» TASK PROMPT: Only the lines from the one containing "Long Italian Fit" through the end of the records should be retyped, exactly and including both ends; pictures stay out.

##### RECORDS SHOWN

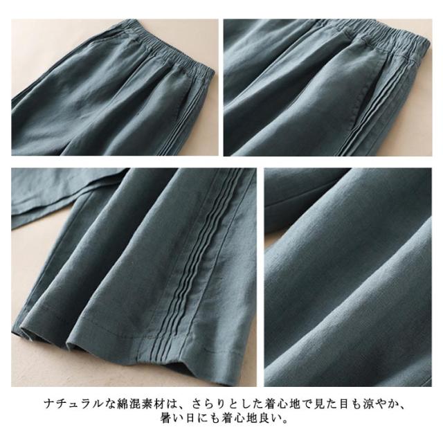 | 断然着回せる、楽してすっきり見えワイドパンツ。 すとんと落ち感のあるワイドシルエットが気になる部分もさりげなくカバーしてくれます。 ナチュラルな綿混素材は、さらりとした着心地で見た目も涼やか、暑い日にも着心地良い。 普段着から通勤まで、様々なシーンで活躍できる。 シンプルで着回しやすいので、 一本は持っておきたいアイテム 。 | |
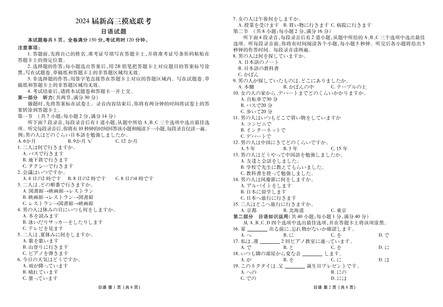 【试题】2024届全国部分重点中学新高考摸底联考日语
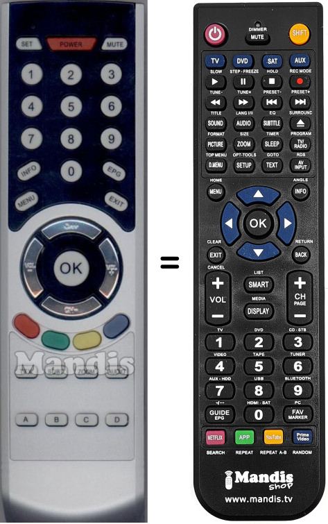 Comandament a distància que substitueix a l'original en totes les seves funcions.
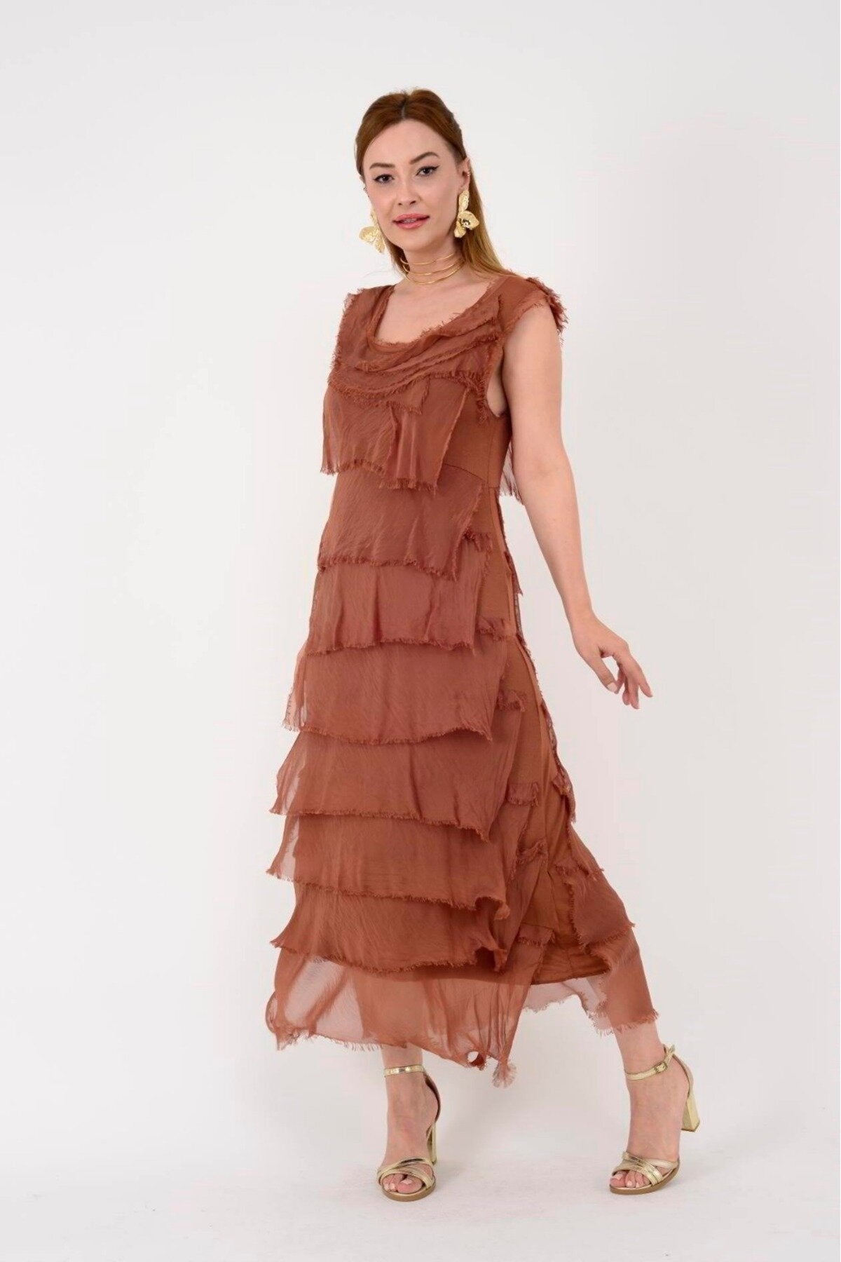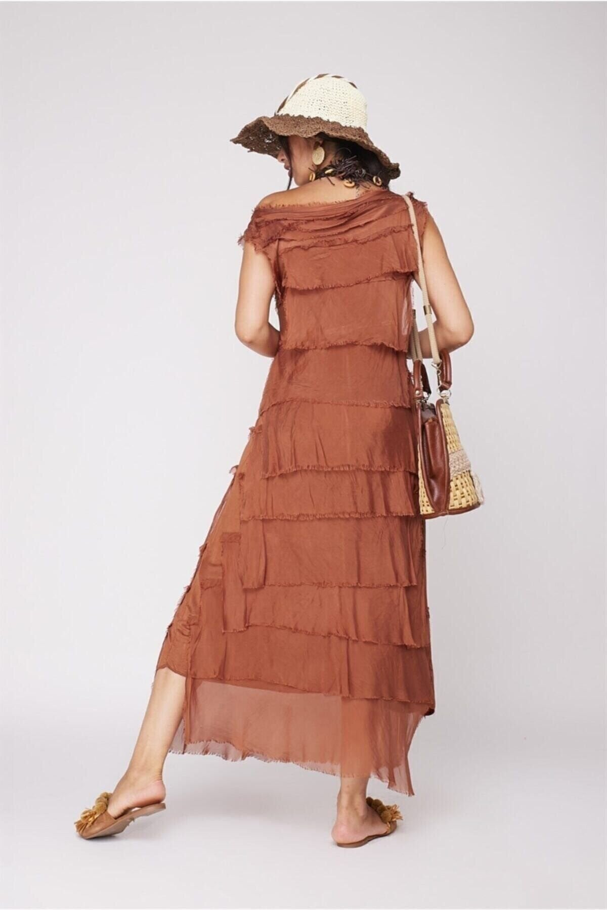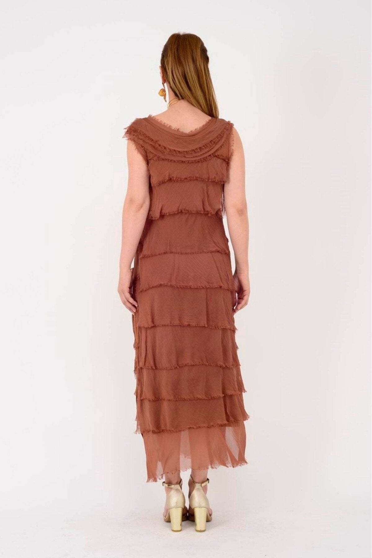 Long Italian Fit Slimming Layered Silk Dress - Cinnamon
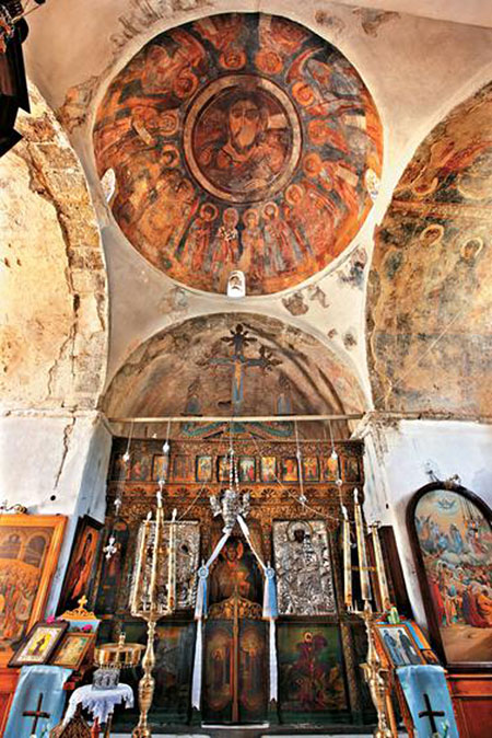 Церковь крестообразная с куполом, переходного типа, датируется 9-10-м веком. Внутренние поверхности покрывают византийские фрески.

##########

» COMPLETED EXERCISE:
 Long Italian Fit Slimming Layered Silk Dress - Cinnamon
 Церковь крестообразная с куполом, переходного типа, датируется 9-10-м веком. Внутренние поверхности покрывают византийские фрески.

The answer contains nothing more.